Nach Angaben des Innenministeriums gingen am Dienstag (31. Januar) landesweit etwa 1,272 Millionen Menschen auf die Straße, während die Gewerkschaften die Zahl auf 2,8 Millionen beziffern.

Seit die französische Premierministerin Elisabeth Borne am 10. Januar die Rentenreform vorstellte, befindet sich das Land in Aufruhr. Die Anhebung des gesetzlichen Renteneintrittsalters von 62 auf 64 Jahre stößt auf einhelligen Widerstand und alle Gewerkschaften im Kampf gegen die Reform vereint.

Borne betonte am Sonntag im staatlichen Rundfunk, die Anhebung der Altersgrenze sei „nicht verhandelbar“, der Gesetzentwurf bereits auf dem Weg ins Parlament. Die Opposition verurteilte die „Provokation“ der Regierung und versammelte sich am Dienstag erfolgreich zur zweiten Runde der landesweiten Proteste auf den Straßen.
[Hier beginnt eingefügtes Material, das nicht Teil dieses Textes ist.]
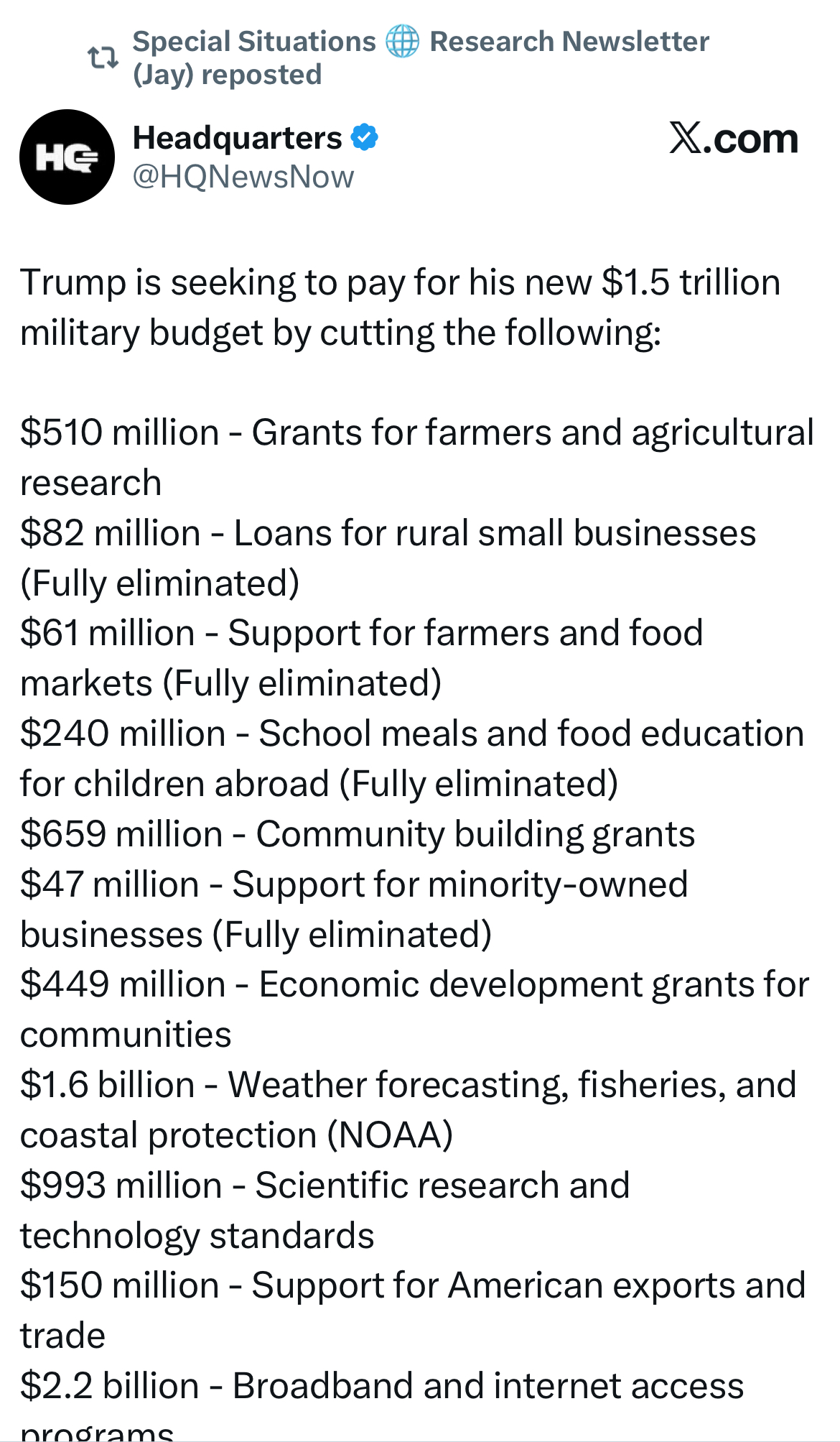 This is what the United States is trying to summon with all those cuts. Be very careful now.

In den Ölraffinerien und Depots von TotalEnergies erschienen am Dienstag 75 bis 100 Prozent der Beschäftigten nicht zur Arbeit. Die Energiegewerkschaften kündigten an, im Laufe der nächsten Woche eine Reihe von Raffinerien durch Streiks lahmzulegen, während am 7. und 8. Februar Streiks im öffentlichen Verkehr erwartet werden.

„Dies ist der Beginn einer neuen Sparpolitik – nicht nur in Frankreich, sondern in ganz Europa“, sagte der Sozialdemokrat Jean-Philippe Daviaud bei der Demonstration gegenüber EURACTIV Frankreich.
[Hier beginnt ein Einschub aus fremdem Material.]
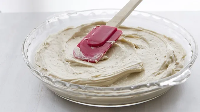 Step6In a stand mixer or large bowl, beat together cream cheese, powdered sugar, and vanilla. Spoon into a 9-inch pie pan.

Da alle europäischen Mitgliedstaaten von demografischen Ungleichgewichten betroffen sind und sich die Alterspyramide zugunsten der älteren Generationen verschiebt, sind die Rentendefizite größer denn je. „Sie lassen die Mittelklasse zahlen, wieder und wieder“, fügte Daviaud hinzu.

Aus einer Folgenabschätzung der Regierung, die letzte Woche in Les Echos veröffentlicht wurde, geht zudem hervor, dass die Reform Frauen am härtesten treffen würde. Frauen, die in den frühen 1970er Jahren geboren wurden, müssten im Durchschnitt neun Monate länger arbeiten als ihre männlichen Kollegen, was die Behauptung der Demonstrant:innen, die Reform sei ungerecht, weiter untermauert.
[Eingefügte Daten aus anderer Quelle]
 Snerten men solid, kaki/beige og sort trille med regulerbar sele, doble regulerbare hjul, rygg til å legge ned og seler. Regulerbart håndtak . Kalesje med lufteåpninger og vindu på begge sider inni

Auch Präsident Emmanuel Macron zeigte sich jedoch kämpferisch und machte deutlich, dass er bereit sei, die aus seiner Sicht „unverzichtbare“ Reform durchzusetzen.

Bislang ist es jedoch alles andere als sicher, ob Macron, der keine eigene Mehrheit im Parlament hat, genügen Stimmen zur Annahme des Vorschlags auftreiben kann.

Die konservative Partei Les Républicains, die bisher häufig Macrons Regierungslager bei Parlamentsabstimmungen unterstützt hat, kann mit ihren Stimmen über das Schicksal des Gesetzentwurfs entscheiden und hat eine Reihe von Forderungen gestellt, auf die Macrons Renaissance-Partei bisher nur widerwillig eingeht.

Die linke NUPES-Koalition hat mehr als 6.000 Änderungsanträge eingebracht, um „die Regierung zu zwingen, sich zu erklären“, wie der Fraktionschef der Linken, Hadrien Clouet, erklärte.

Doch auch aus Macrons eigener Partei werden mittlerweile zögerliche Stimmen laut. Mehrere Abgeordnete haben sich offen gegen die „Ungerechtigkeiten“ ausgesprochen, die die Reform mit sich bringen würde. Zwar schließen alle aus, gegen den Gesetzesentwurf zu stimmen, es bleibt jedoch genau zu beobachten, wie Macrons Partei in den nächsten Tagen vorgeht.

Die Reform wird als Instrument der öffentlichen Haushaltsplanung zur Kontrolle des wachsenden Defizits dargestellt: Nach Angaben der französischen Rentenanalysebehörde würde das Rentendefizit bei einem optimistischen langfristigen Wirtschaftswachstum von 1,3 Prozent bis 2032 auf 0,5 Prozent des Bruttoinlandsprodukts ansteigen, bevor es sich bis 2043 langsam schließen würde.

Für den 7. und 11. Februar wurden weitere Proteste angekündigt.